Maka hari itu, ketika seseorang bersama memori buruk yang melekat tentang dirinya, datang tiba-tiba, saya bisa dengan sumringah menyambutnya. Saya bisa memilih untuk menjadi sedih, untuk marah, atau bahkan membuang muka tak suka. Tapi lagi-lagi, buat apa? Apakah memori itu menjadi hilang kemudian dengan serta-merta?
Tidak ada yang dapat menghapus apa yang sudah terjadi. Jadi saya memutuskan untuk beranjak berdiri sembari berharap semoga apa yang pernah terjadi serta apa yang saya lakukan di hari ini dan nanti, bisa membuat saya semakin bijak menata diri.
Tidak ada yang bisa membuatnya hilang, lenyap, atau berubah seketika. Mengasihani diri sendiri sama saja dengan membunuh waktu dan membiarkannya terlewat sia-sia, sementara hari esok menunggu untuk dilukis secepatnya. Betul, sama sekali tidak mudah, tapi sama sekali tidak mustahil pula untuk dicoba. Hanya perlu itu: kemauan untuk mencoba. Berani? :)
"Face your past without regret.
Life is wonderful if you know how to live it."
Friday, July 04, 2008; 3:06 pm.
Untuk seorang sahabat lama yang muncul tiba-tiba, welcome :)

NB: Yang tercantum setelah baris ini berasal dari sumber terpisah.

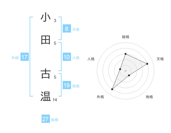 小田 古温さんの総格は27画の3点!

²demon : setan. Dalam mata kuliah psikologi kognitif semester awal, ilustrasi gambar yang diberikan untuk jejak-jejak ingatan adalah gambar setan-setan kecil bertanduk yang membawa garu. Ia mencuat dimana-mana dalam kognisi kita dan muncul begitu saja sebagai representasi buah-buah pikiran.